1. Is Every query in hive will trigger map reduce job?

No.

When you run select * from table, it won’t trigger map reduce job. This is because here we are not performing any operation, just reading all the records in a table. So, it just performs fetch task like this; hdfs dfs -cat tablelocation. This applies when we use LIMIT operator also.

2. Is both of this queries results same?

--Statement 1
Create table new as select * from old where 1=0;
--Statement 2
Create table new like old;

No.

If old table is normal table, the result will be same. But if old table is partitioned table, the result will not be same. In statement 1, new table will be created without partition, but in statement 2 it will be created with partition.

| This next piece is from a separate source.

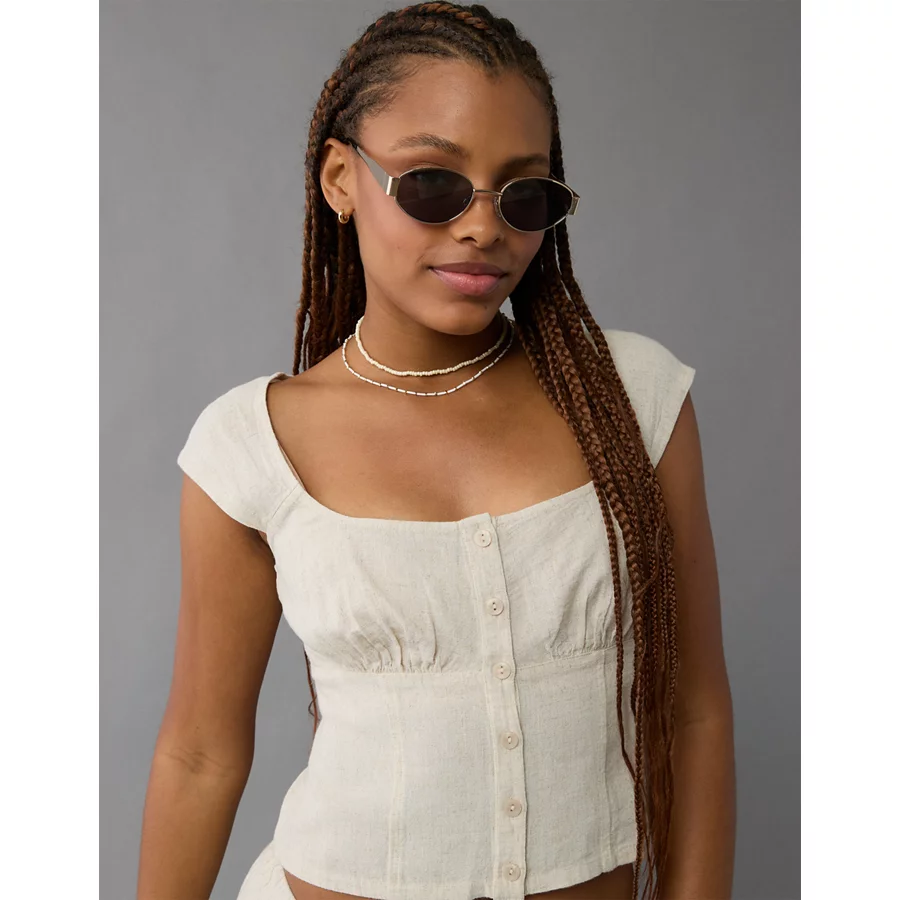 Cotton slub fabricV-neckUpside-down V empire waist 100% CottonMachine washImported Empire waist silhouetteSleeveless

3. Will it load, if we load wrong data to a hive table?

Yes.

When we load data to a hive table, it just moves the specified file into the hive table location. It won’t read data, so no errors will be generated while loading but when you try to read data, it throws error. Hive is like Schema on read type i.e it validates data with schema while reading unlike regular RDBMS which do while writing(Schema on write)

4. Why ORC with hive gave better performance than parquet?

Both ORC and Parquet formats stores the data in columnar format and both has compression methods.

But there is one difference. Hive has vectorization which supports only ORC file format. By enabling vectorization, hive can process 1024 rows at once. By default hive process one row at a time. Also, ORC file format has indexing in each block.

Also to support ACID transactions in hive your file format should be ORC , table should be transaction and bucket.

I will add few more points, Hope you had a quality time.

Thanks

--

--